Está claro quem ajusta doses e quando buscar ajuda médica?
Nunca alterar doses de opioides por conta própria; guarde remédios fora do alcance e informe efeitos colaterais ao médico.
- Anotar horários, doses e respostas aos medicamentos.
- Nunca reduzir ou aumentar opioides sem orientação médica.
- Manter medicação em embalagem original e local seguro.
- Comunicar efeitos adversos e crises imediatamente.
6. Direitos, acesso e organização do cuidado no SUS
A Política Nacional de Cuidados Paliativos organiza a oferta no SUS, prevê atenção em todos os pontos da rede e inclui apoio a familiares e cuidadores (MINISTÉRIO DA SAÚDE, s.d.).
Diretrizes da PNCP destacam atenção na atenção primária, continuidade do cuidado, uso racional de opioides e formação de profissionais (MINISTÉRIO DA SAÚDE, s.d.).
Instrumentos como Planejamento Antecipado de Cuidados e Diretivas Antecipadas de Vontade ajudam a respeitar escolhas do usuário (MINISTÉRIO DA SAÚDE, s.d.).
Para acessar, procure a UBS; a equipe pode avaliar, oferecer cuidado domiciliar ou encaminhar para serviços especializados conforme necessidade (MINISTÉRIO DA SAÚDE, s.d.; MINISTÉRIO DA SAÚDE, s.d.).
Conhecer a PNCP e seus instrumentos dá mais autonomia à família para exigir continuidade, medidas de conforto e apoio multiprofissional (MINISTÉRIO DA SAÚDE, s.d.; INSTITUTO FERNANDES FIGUEIRA (FIOCRUZ), s.d.).
Você já conversou com a UBS sobre cuidados paliativos para seu familiar?
Leve documentação clínica à UBS, peça registro do plano e informe sobre preferência por atendimento domiciliar quando indicada.
- Solicitar avaliação de paliativos na UBS.
- Perguntar sobre atenção domiciliar e equipes locais.
- Registrar preferências por escrito (diretivas antecipadas).
- Cobrar continuidade do acompanhamento multiprofissional.
Conclusão
Cuidados paliativos priorizam conforto, dignidade e apoio à família; podem e devem ser integrados precocemente ao manejo de doenças crônicas em idosos (WORLD HEALTH ORGANIZATION, 2020; WORLD HEALTH ORGANIZATION, 2022; MINISTÉRIO DA SAÚDE, s.d.).
Procure a UBS, registre preferências, envolva a equipe multiprofissional e peça orientações sobre manejo de sintomas e segurança de medicamentos (MINISTÉRIO DA SAÚDE, s.d.; MINISTÉRIO DA SAÚDE, s.d.).

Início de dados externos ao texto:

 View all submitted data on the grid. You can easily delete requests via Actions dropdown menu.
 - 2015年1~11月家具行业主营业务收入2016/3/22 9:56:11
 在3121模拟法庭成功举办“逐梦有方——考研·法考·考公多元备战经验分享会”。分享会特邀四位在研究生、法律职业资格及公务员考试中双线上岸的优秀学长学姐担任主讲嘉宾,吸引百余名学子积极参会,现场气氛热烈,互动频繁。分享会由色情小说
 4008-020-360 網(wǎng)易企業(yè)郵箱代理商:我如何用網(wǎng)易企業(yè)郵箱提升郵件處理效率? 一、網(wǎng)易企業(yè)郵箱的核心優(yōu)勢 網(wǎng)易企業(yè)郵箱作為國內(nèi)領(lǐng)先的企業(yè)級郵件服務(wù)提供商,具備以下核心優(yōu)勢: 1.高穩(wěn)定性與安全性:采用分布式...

Se tiver dúvidas ou sinais de piora, busque avaliação rápida: intervenções precoces reduzem sofrimento e melhoram a qualidade de vida do idoso e da família (WORLD HEALTH ORGANIZATION, 2020; PAN AMERICAN HEALTH ORGANIZATION (PAHO), 2020).
Referências
- WORLD HEALTH ORGANIZATION. Palliative care. 2020. Acesso em: 27 de ago. de 2026.

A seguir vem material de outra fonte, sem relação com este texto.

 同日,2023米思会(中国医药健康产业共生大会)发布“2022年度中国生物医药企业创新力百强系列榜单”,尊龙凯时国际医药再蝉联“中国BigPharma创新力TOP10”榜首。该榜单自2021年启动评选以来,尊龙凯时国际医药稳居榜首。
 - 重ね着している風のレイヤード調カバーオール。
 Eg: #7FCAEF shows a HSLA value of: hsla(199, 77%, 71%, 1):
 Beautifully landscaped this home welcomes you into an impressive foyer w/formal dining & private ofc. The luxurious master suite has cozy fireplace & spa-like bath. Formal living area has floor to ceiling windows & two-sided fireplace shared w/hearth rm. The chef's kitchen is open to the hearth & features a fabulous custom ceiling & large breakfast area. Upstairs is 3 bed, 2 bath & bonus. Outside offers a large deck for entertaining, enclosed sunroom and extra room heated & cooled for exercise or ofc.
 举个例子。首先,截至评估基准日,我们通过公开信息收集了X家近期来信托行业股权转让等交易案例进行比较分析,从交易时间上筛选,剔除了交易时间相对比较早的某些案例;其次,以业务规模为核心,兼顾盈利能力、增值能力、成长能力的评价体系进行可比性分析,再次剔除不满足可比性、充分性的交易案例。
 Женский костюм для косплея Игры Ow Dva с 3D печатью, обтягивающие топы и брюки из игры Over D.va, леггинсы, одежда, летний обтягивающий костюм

- PAN AMERICAN HEALTH ORGANIZATION (PAHO). Palliative Care – PAHO/WHO | Pan American Health Organization. 2020. Acesso em: 27 de ago. de 2026.

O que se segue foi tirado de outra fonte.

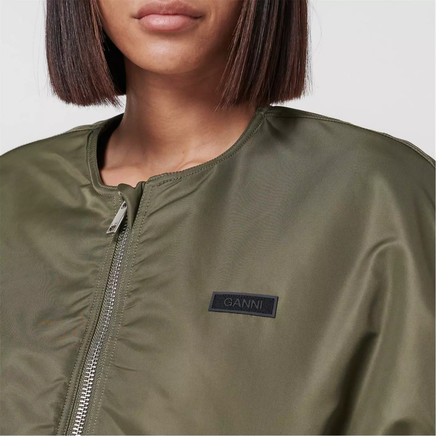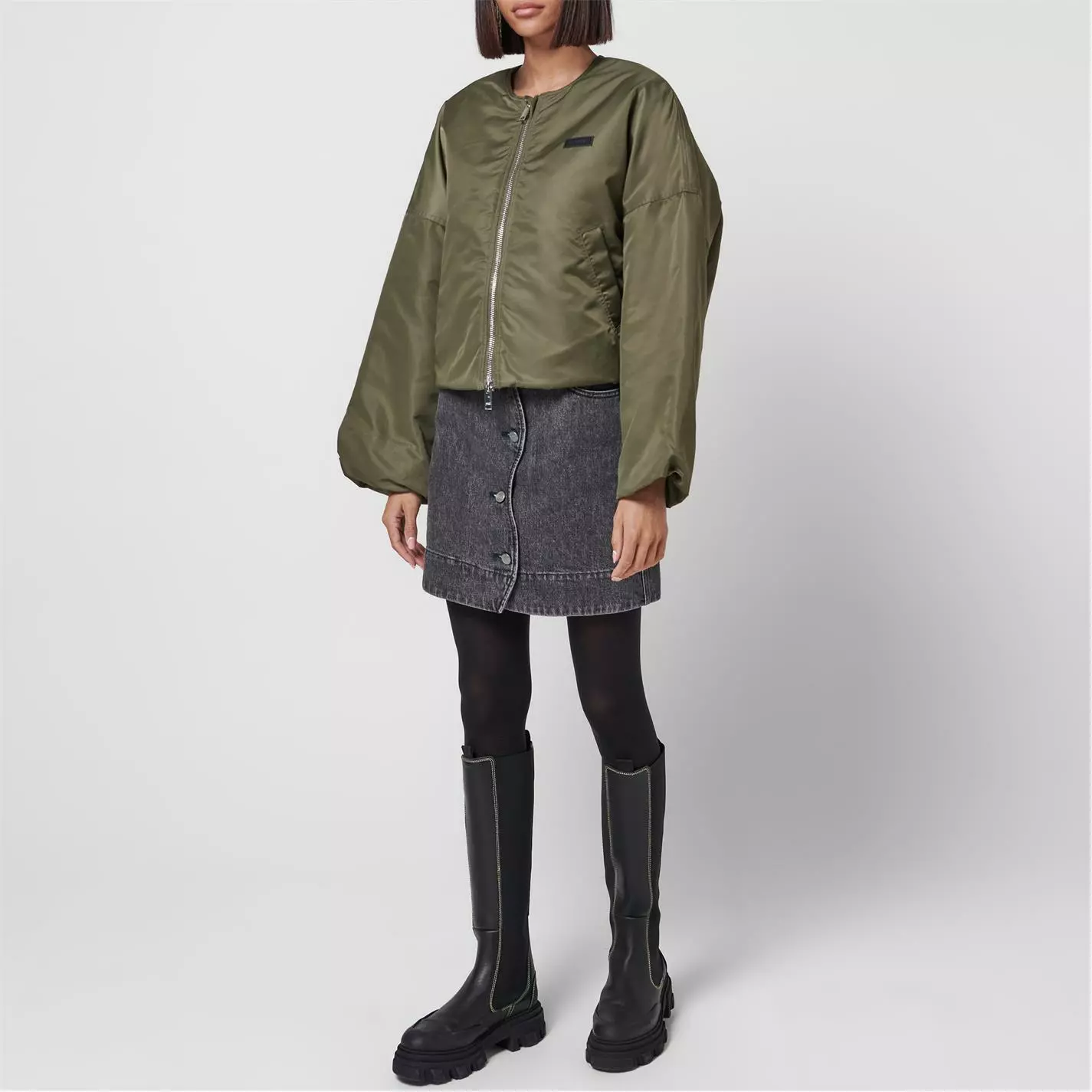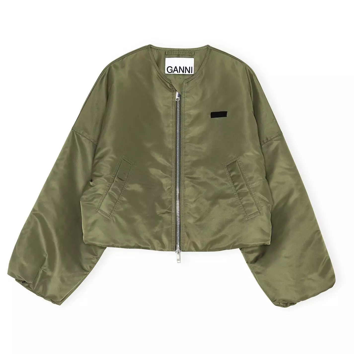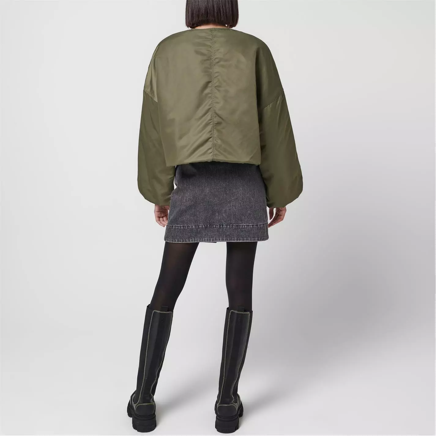 Revise your essential attire with this bomber jacket brought to you by Ganni. Jacket in lightly padded recycled tech fabric, finished with a heavy silver zip closure. Showcasing a relaxed cropped silhouette with front cargo pockets and elasticated wrists.

- WORLD HEALTH ORGANIZATION. Palliative care for older people: better practices. 2022. Acesso em: 27 de ago. de 2026.
- MINISTÉRIO DA SAÚDE. Cuidados Paliativos. s.d.. Acesso em: 27 de ago. de 2026.
- MINISTÉRIO DA SAÚDE. Perguntas Frequentes (FAQ). s.d.. Acesso em: 27 de ago. de 2026.
- INSTITUTO FERNANDES FIGUEIRA (FIOCRUZ). Parte 00 Cuidados Paliativos Capitulo 00.PM6. s.d.. Acesso em: 27 de ago. de 2026.